# [Exercise details]
In the data below, find the line with "Внимательный читатель обратит" and the line with "02:12:49Als Belohnung für", then restate both and every line between them exactly, minus the pictures.
Material shown Start Marker
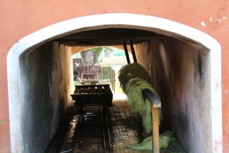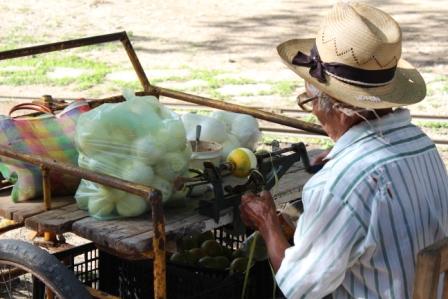 | Buiten de plantage zagen we deze man | Hij bleek bezig met een sinaasappelschilmachine | Voorkant van de woning van de plantage-eigenaar |
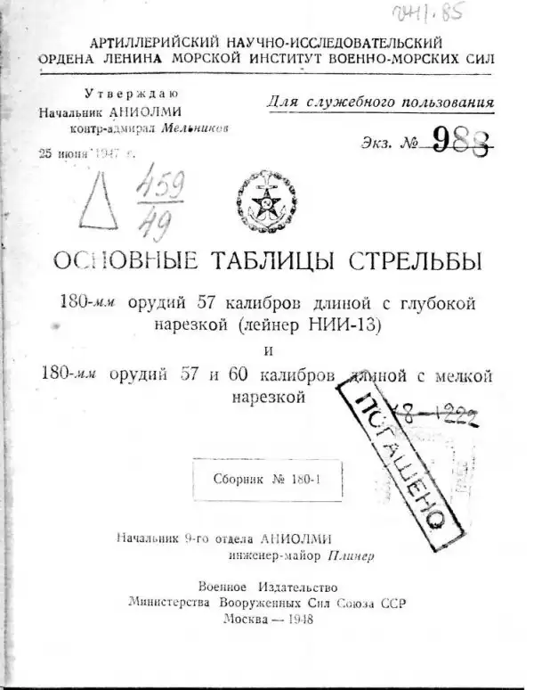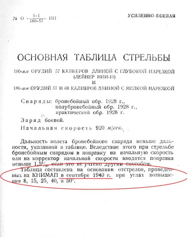Внимательный читатель обратит внимание на то, что приводимые мною «Основные таблицы стрельбы» составлены в 1948 году, т.е. уже после войны. Что, если к тому времени в СССР научились делать какие-то более качественные лейнеры, чем довоенные? Но на самом деле таблицы стрельбы усиленно-боевым составлены на основании фактических стрельб в сентябре 1940 г.:
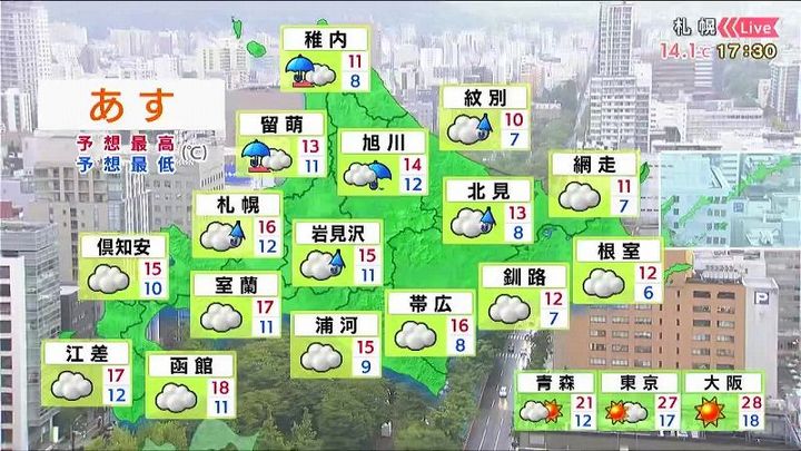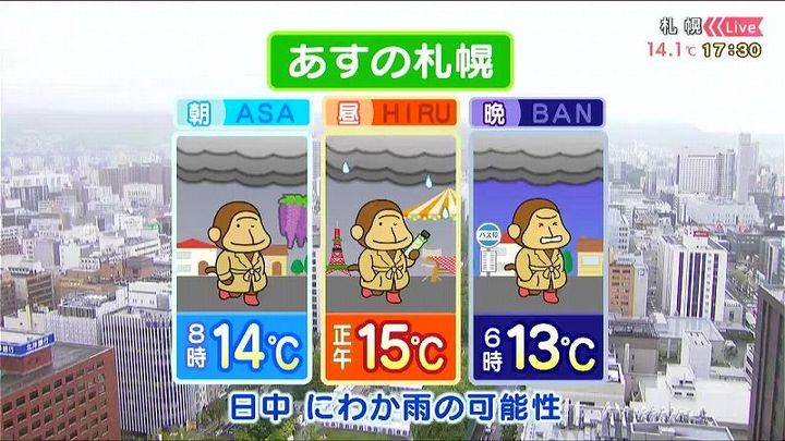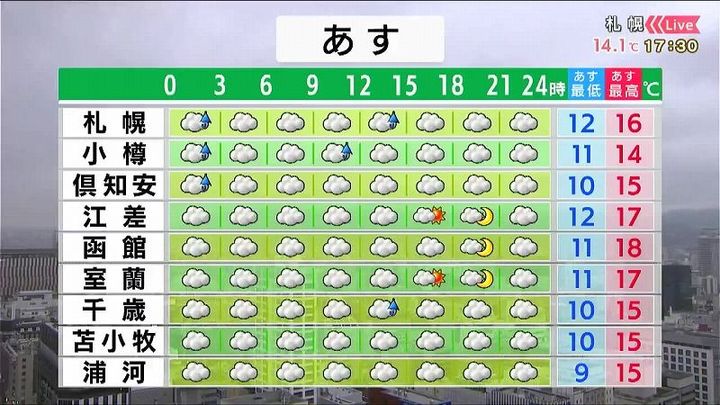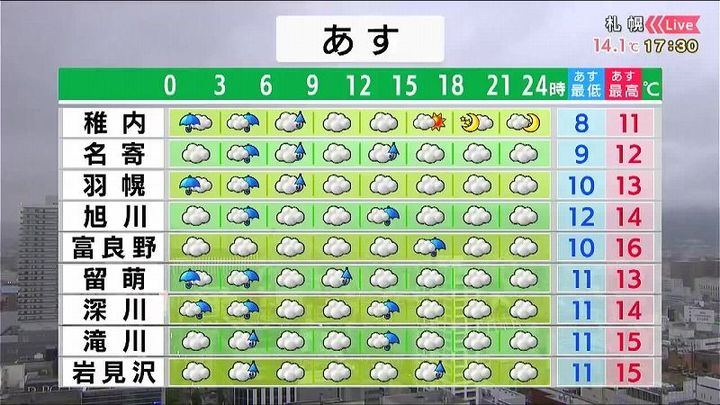 未明は札幌や小樽で雨が降り、昼前後もにわか雨がありそうです。お出かけには、折りたたみの傘があると安心です。
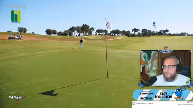 02:12:49Als Belohnung für die Community kündigt der Streamer an, bei jedem Birdie, das er während des Streams spielt, ein Dutzend Golfbälle für einen Lostopf zu verlosen. Dies motiviert ihn zusätzlich und führt zu mehreren Birdies während der Runde. Er kommentiert seine Schläge positiv und bittet die Zuschauer, ihm zu folgen, während er seine Score verbessert.
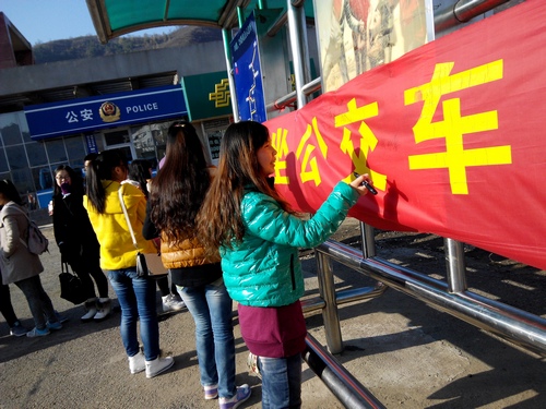 为改善公车站点候车秩序混乱、上车拥挤等状况,提高大学生的自身素质、呼吁更多的人文明乘车,10月19日、20日和26日、27日,基础医学院2011级影本第一青年志愿者服务队连续两个周末在我校公交站点处举办“礼让乘坐公交车 我与文明同路行”为主题的青年志愿者活动。
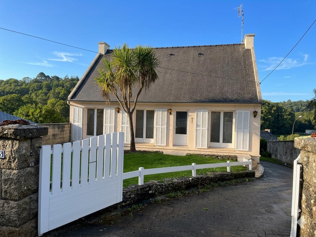 MORLAIX, proximité centre-ville, maison sur cave comprenant cuisine, salon/séjour avec cheminée, une chambre, salle d'eau, wc. A l'étage : 2 chambr...
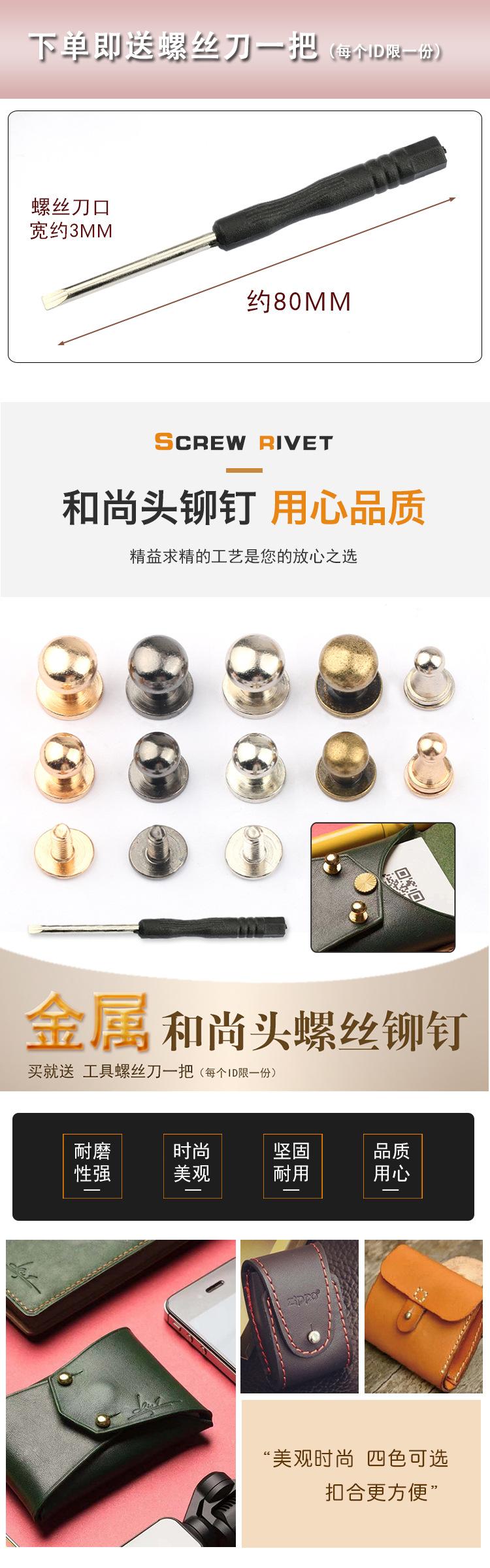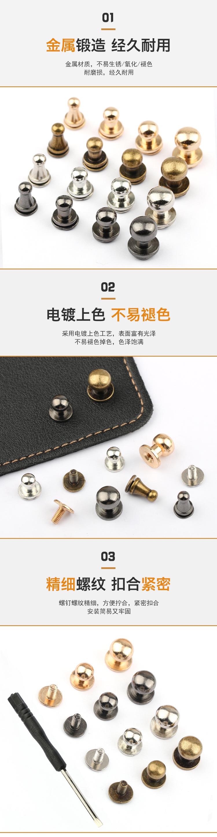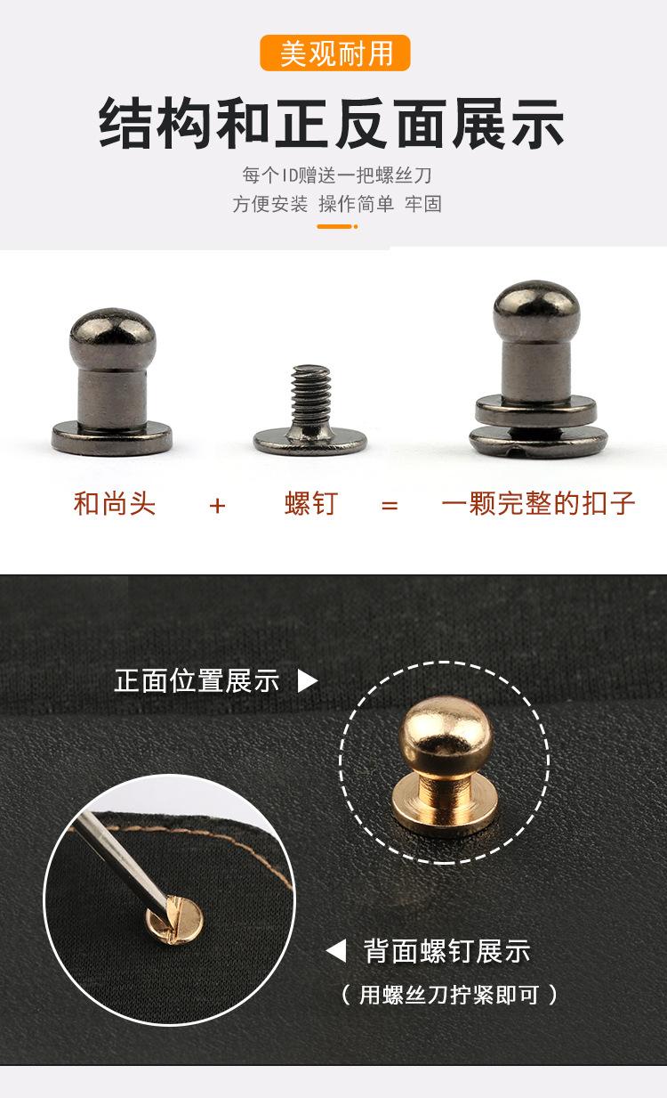 Fonte atacadista metal cabeça de monge parafuso botão carteira cinto gancho acessórios artigos de couro alça de bolsa rebite prego de mamilo
Material shown End Marker
# [Response box]
Внимательный читатель обратит внимание на то, что приводимые мною «Основные таблицы стрельбы» составлены в 1948 году, т.е. уже после войны. Что, если к тому времени в СССР научились делать какие-то более качественные лейнеры, чем довоенные? Но на самом деле таблицы стрельбы усиленно-боевым составлены на основании фактических стрельб в сентябре 1940 г.:
 未明は札幌や小樽で雨が降り、昼前後もにわか雨がありそうです。お出かけには、折りたたみの傘があると安心です。
 02:12:49Als Belohnung für die Community kündigt der Streamer an, bei jedem Birdie, das er während des Streams spielt, ein Dutzend Golfbälle für einen Lostopf zu verlosen. Dies motiviert ihn zusätzlich und führt zu mehreren Birdies während der Runde. Er kommentiert seine Schläge positiv und bittet die Zuschauer, ihm zu folgen, während er seine Score verbessert.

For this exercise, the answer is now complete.